师尊说过——竹舍里没有不能让她进的地方。
“……”
林晚霜站在门口,犹豫了很久。
进去还是不进去?
进去了说什么?
不进去——
她会不会后悔?
就在她纠结的时候——
门忽然开了。
沈云昭站在门口,手里端着一杯茶。
看见她,微微一愣。
“怎么不睡?”
“我……”
“有话跟我说?”
“……”
林晚霜愣了一下,然后点了点头。
“嗯。”
“进来说。

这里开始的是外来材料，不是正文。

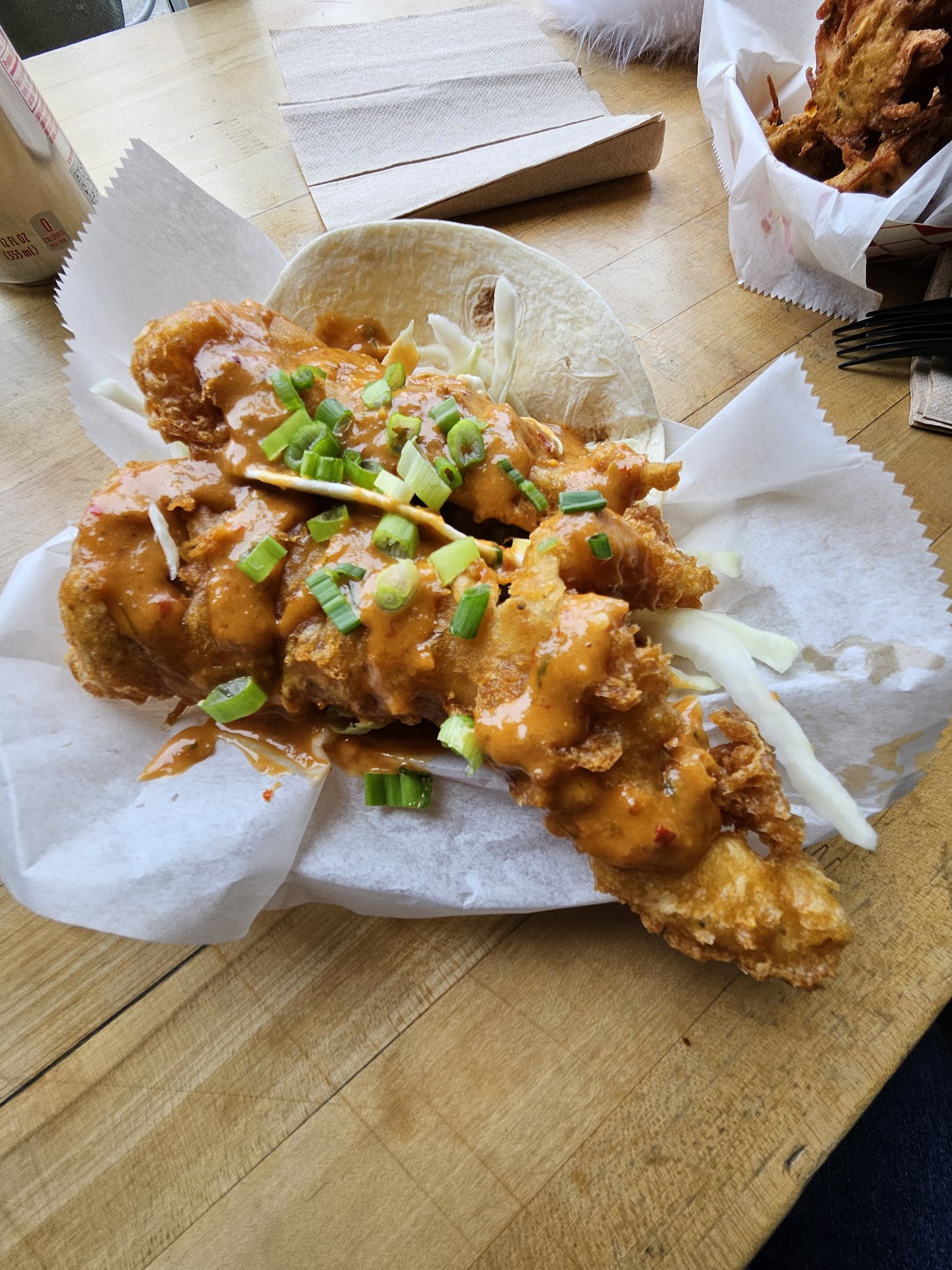 Read moreCame here for fish and chips. Enjoyed so much more! Fish was golden brown, crispy and delicious. The fries were actually worth eating (which IMHO they so rarely are). Also sampled the Thai Chili Chicken Tots. They were amazing! Big chunks of chicken; nice, slightly spicy sauce (and not an overabundance of it); the most delicious tater tots (a misnomer as they were more like deliciously fried potato pancake nuggets) ever! Would have ordered the delicious sounding ice cream sandwiches but were too full. It was a little hot eating eating on-site in the summer, but I understand some of the menu is also available nextdoor in a more sit-down environment, presumably with more vigorous A/C. There is a step to enter the building. When we arrived, a patron using a wheelchair was working with restaurant staff to place and pick up an order. So while the space may not have been accessible to him, the people operating the restaurant at least were. Casual environment with a small amount of seating and disposable utensils, etc. Eager to return AND to try the restaurant next door. When you want a fried food indulgence, do not pass up The...

”
沈云昭转身进去,把茶放在桌上,自己坐在椅子上。
林晚霜跟着走进去,站在她面前,有些局促。
“坐。”
沈云昭指了指旁边的椅子。
林晚霜坐下,手攥着衣角。
“师尊……”
“嗯。”
“我想问您——”
“问什么?”
“您……会不会后悔收我?”
“这个问题你晚上问过了。”
“我知道,但我想再问一次。”
林晚霜看着她的眼睛,声音有点抖:
“如果有一天,我给您带来了大麻烦,您还会——”
“不会后悔。”
沈云昭回答得很干脆。
“可是天衡宗——”
“天衡宗是威胁,不是你的错。”
“可是他们是因为我的血脉——”
“那是他们的事。”
沈云昭打断她:
“你的血脉,是天生的。”
“你不需要为天生的东西道歉。”
“……”
“而且——”
她顿了一下,看着林晚霜:
“我收你的时候,就知道你不是普通人。”
“你身上的气息,我闻到了。”
“但我不在乎。”
“……”
“师尊,您真的不在乎?”
“我在乎什么?”
“在乎我是什么血统?”
“不在乎。”
“在乎我是妖族圣女的后裔?”
“不在乎。”
“那您在乎什么?”
沈云昭看着她,沉默了一会儿。
然后她开口:
“我在乎的是——”
“你每天有没有好好吃饭。”
“你有没有偷懒练剑。”
“你有没有受伤。”
“你——”
她顿了一下,声音低了下来:
“你有没有开心。”
“……”
林晚霜的眼眶一下子热了。
师尊不在乎她的血统。
师尊在乎的是——
她吃没吃饭,练没练剑,开不开心。
这些琐碎的小事。
这些——
才是师尊真正在乎的。
“师尊……”
“嗯。”
“我开心。”
“真的?”
“真的。”
“……”
沈云昭看着她,嘴角动了动。
“那你怎么还哭?”
“……我没哭!”
“眼眶都红了。”
“那是热的!”
“……”
林晚霜擦了擦眼睛,笑了。
她忽然觉得,自己刚才那些纠结——
那些不敢说出口的话,那些怕被拒绝的担心——
好像都不重要了。
师尊在乎的是她开心。
她开心就够了。
至于其他的——
可以慢慢来。
“师尊。”
“嗯?”
“我以后会一直开心下去的。”
“嗯。”
“因为——”
林晚霜抬起头,看着沈云昭:
“有您在。”
“……”
沈云昭看着她,目光很深。
然后她转过头,喝了口茶。
“睡觉。”
“哦。”
林晚霜站起来,往门口走。
走到门口,又停下来。
“师尊。”
“又怎么了?”
“晚安。”
“……”
隔了几秒。
“晚安。”
林晚霜的嘴角弯了起来。
她转身走了出去,脚步轻快得像只兔子。
师尊说晚安了。
师尊回应她的晚安了。
今晚——
能睡个好觉了。(完喽!睡不着喽!)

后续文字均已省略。